We would like to thank the Reviewer for the detailed feedback, and for acknowledging our work’s contribution in filling an important gap in the understanding of generalization and privacy in graph learning, and for providing insightful results on the relationship between homophily, memorization, and label inconsistency. Below, we address the comments one by one.

The proposed NCMemo framework seems not including graph-specific techniques to tackle the interactions of graph elements.

Our framework builds on Feldman's leave-one-out definition [21], which is the de facto standard for studying memorization in classification tasks. Since our focus is node classification, this choice provides a well-established and principled foundation. By relying on our framework, we obtain multiple graph-specific findings:

i. We propose a novel inverse relationship between the node label memorization and graph homophily, the property of graph which directly takes into account if two connected nodes have the same labels.

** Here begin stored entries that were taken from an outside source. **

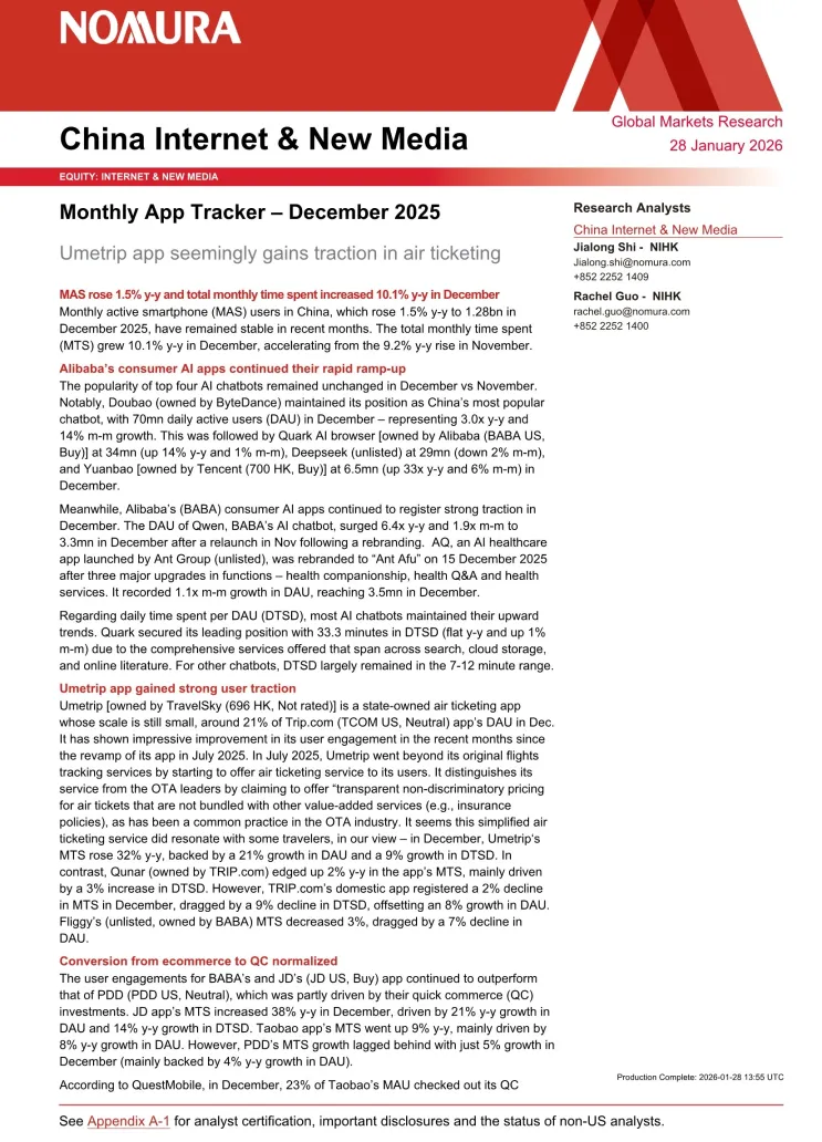 美团 (Meituan): 主App时长出现拐点,MTS同比下降1%,DAU下降7% 。其面向商家的App(餐饮与酒旅)MTS也均下降了7% 。
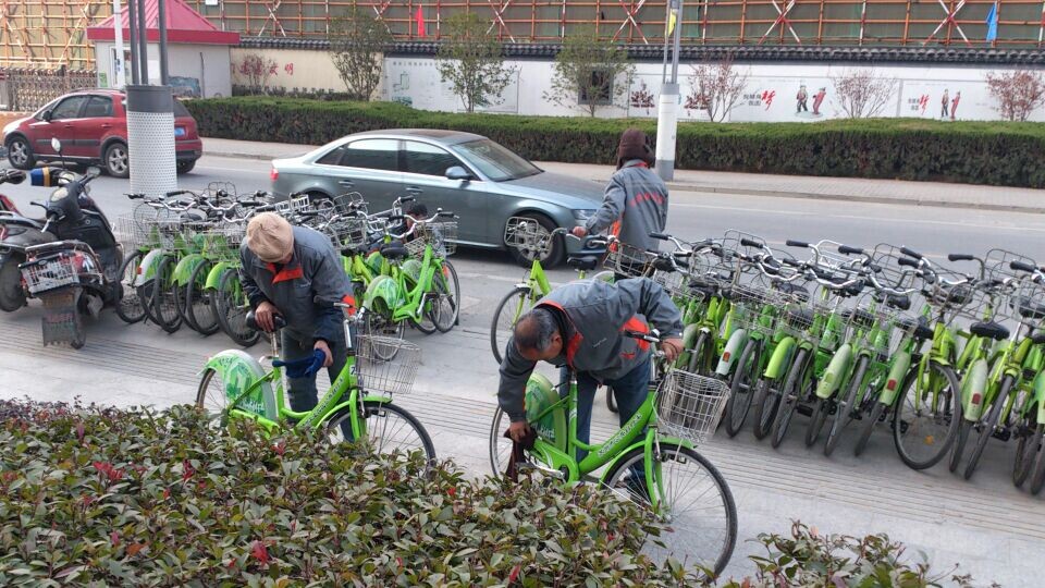 我們公司經(jīng)過商討決定,利用冬季3個(gè)月時(shí)間,全體管理層全部出動(dòng),分組分片,并召集部分現(xiàn)場(chǎng)工作人員,進(jìn)行集中維護(hù),主要包括自行車的擋板車貼更換,自行車的保潔,修補(bǔ)綠漆及車樁維護(hù)等工作。
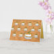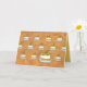 Cette carte fantaisiste présente treize citrouilles aux yeux écarquillés portant des masques et assises dans des plats à tarte. À l'intérieur, il est écrit : « De tout le patch de citrouilles, nous vous souhaitons un Thanksgiving en bonne santé et heureux. » Idéal d'une famille à une autre, ou d'un groupe de collègues, ou du personnel, au patron, ou au client.

ii. Our second novel contribution explains the emergence of memorization in GNNs through the lens of Neural Tangent Kernel and alignment matrices such as Kernel-Graph and Kernel-Target alignment [61] all of which show the implicit bias of GNNs to use the graph structure during the training.

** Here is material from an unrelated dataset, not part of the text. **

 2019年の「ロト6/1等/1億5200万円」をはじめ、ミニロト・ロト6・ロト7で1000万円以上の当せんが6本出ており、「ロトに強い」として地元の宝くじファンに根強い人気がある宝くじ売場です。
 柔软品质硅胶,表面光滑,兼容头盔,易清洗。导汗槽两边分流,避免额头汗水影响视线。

iii. Our novel metric, the Label Disagreement Score, characterizes node atypicality by analysing the local anomaly in the node label. The node feature space allows us to precisely point out which nodes are highly susceptible to memorization.

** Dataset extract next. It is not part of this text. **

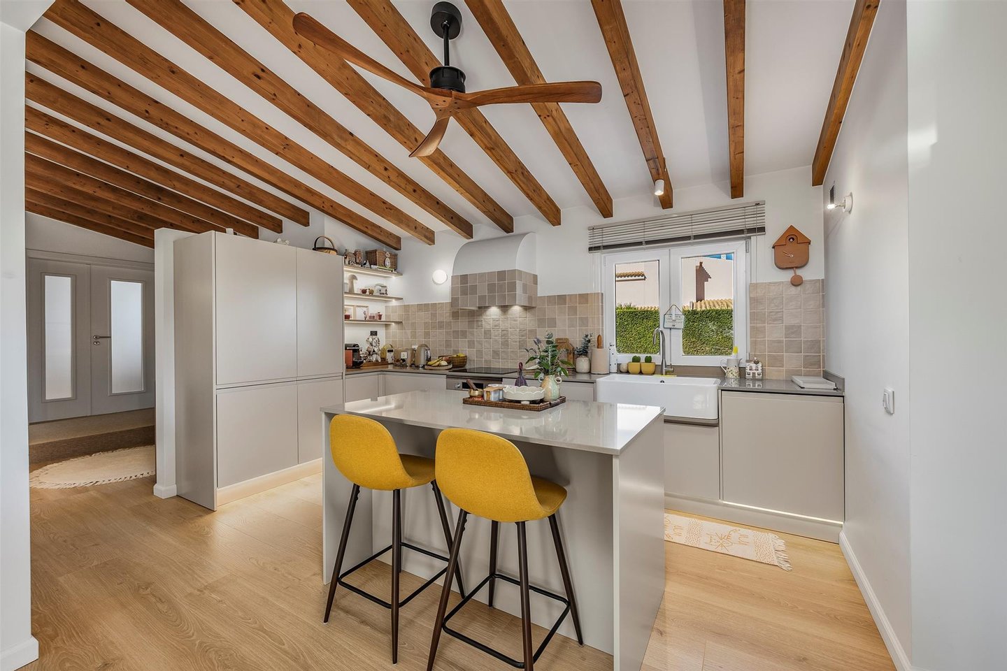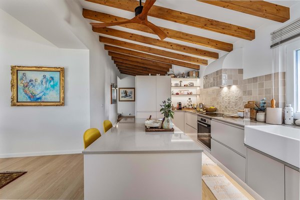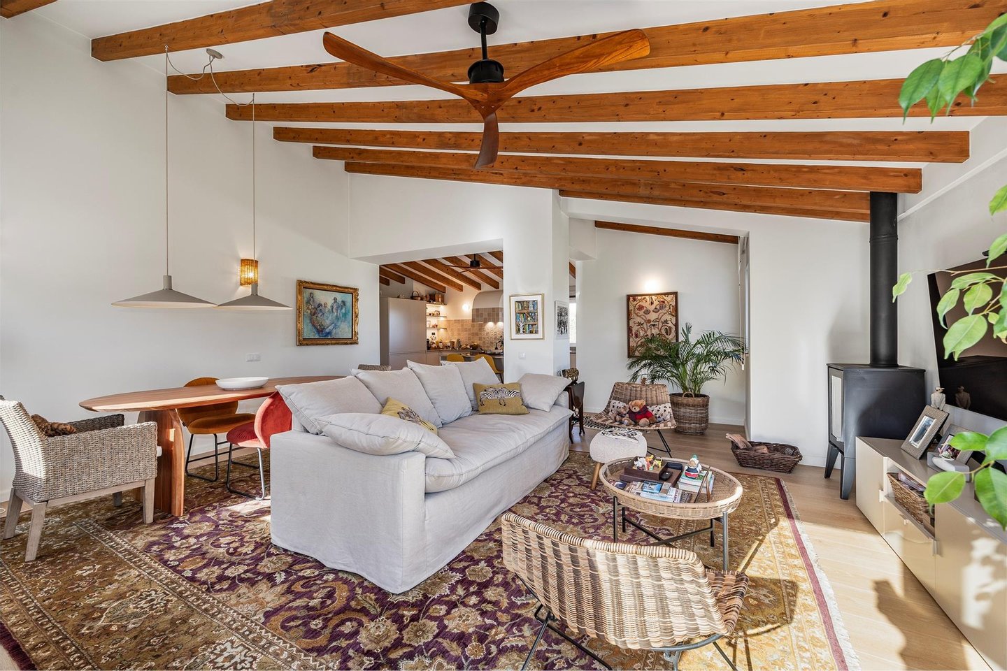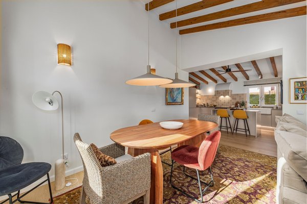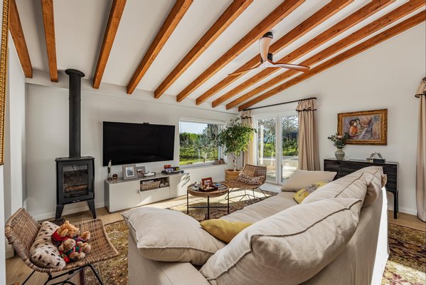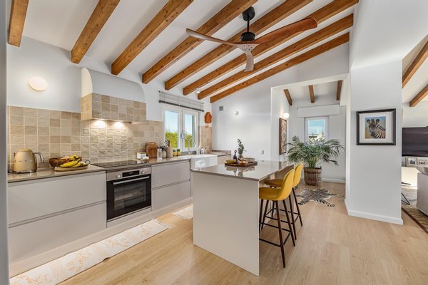 Der einladende Eingang führt in einen hellen, großzügigen offenen Wohn- und Essbereich, in dem natürliches Licht und Wärme im Mittelpunkt stehen. Ein charmantes Holzofen, Klimaanlage und Deckenventilatoren sorgen ganzjährig für Komfort und schaffen eine einladende Atmosphäre zum Entspannen und Geselligkeit. Die elegante, vollständig ausgestattete Küche mit zentraler Insel ist ideal zum Kochen, Gästeempfangen und gemeinsamen Erinnerungen schaffen.

iv. Our initial strategy to mitigate memorization leverages graph rewiring, that directly involves manipulating the edges of the graph based on feature similarity.

All of these elements directly use graph-specific elements and provide novel insights into graph-specific memorization.

Necessity of model pairs for assessing memorization and overhead

The leave-one-out memorization is theoretically well-founded and provides a precise notion of per-sample-level memorization. While the ideal form requires training multiple models, in our work, we approximate it efficiently: Our method only requires a single additional trained model and evaluates the effect for simultaneous removal of batches of nodes (25% of training nodes). This keeps the overhead minimal while still aligning closely with the theoretical definition. We also presented the empirical runtime for training models $f$ and $g$ , calculating the memorization scores for the candidate set and calculating the LDS in Tables 14-16 in Appendix H.3. For instance, on a larger graph such as Squirrel it takes 6.23±0.21 seconds to obtain memorization scores and 24.49±0.11 seconds to calculate the LDS.

More datasets and GNN backbones, e.g., open graph benchmarks and graph transformers

We have added experiments on larger graph datasets, including ogbn-arxiv. The results are presented in the table below. We observe that the average memorization score and memorization rate on these datasets are low because the graphs are highly homophilic, which aligns with our Proposition 1, i.e., memorization is low for highly homophilic graphs. We also present the empirical runtimes in seconds for training models f and g and obtaining the memorization scores for the candidate set.

Large Datasets:

Datasets	AvgMemScore	MemRate(%)	Nodes	Edges	Homophily	Runtime(seconds)
Photo	0.0093±0.0084	0.1±0.0	7,650	238,162	0.7850	3.97±0.24
Physics	0.0156±0.0018	0.4±0.1	34,493	495,924	0.8724	17.82±0.24
Computer	0.0005±0.0234	0.6±0.9	13,752	491,722	0.6823	6.26±0.19
ogb-arxiv	0.0031±0.0051	0.4±0.3	169,343	1,166,243	>0.5	491.01±1.55

We also run additional experiments on a more advanced GNN backbone, a Graph Transformer, on four real-world datasets. We use the graph transformer setup proposed in [A] with slight modifications, namely we set the attention heads to 2 (instead of 8) and use a 1 layer graph transformer (Input → Linear Projection → [Attention + FFN Block] → Output Linear). The results are presented in the table below, along with the runtimes in seconds for training models f and g and obtaining the memorization scores for the candidate set. The results show that our memorization framework can be applied seamlessly to other GNN architectures including powerful architectures such as Graph Transformers, and that the propositions proposed in the main paper still hold.

Graph Transformer:

Datasets	AvgMemScore	MR(%)	Runtime
Cora	0.1359±0.0072	13.4±0.7	1355.43±3.76
Citeseer	0.2486±0.0070	24.9±0.20	1158.74±7.11
Chameleon	0.2807±0.0150	27.3±1.3	1222.66±1.49
Squirrel	0.4810±0.0094	47.7±1.2	4748.68±41.52

References:

[A] A critical look at the evaluation of GNNs under heterophily: Are we really making progress? Platonov et al. ICLR 2023.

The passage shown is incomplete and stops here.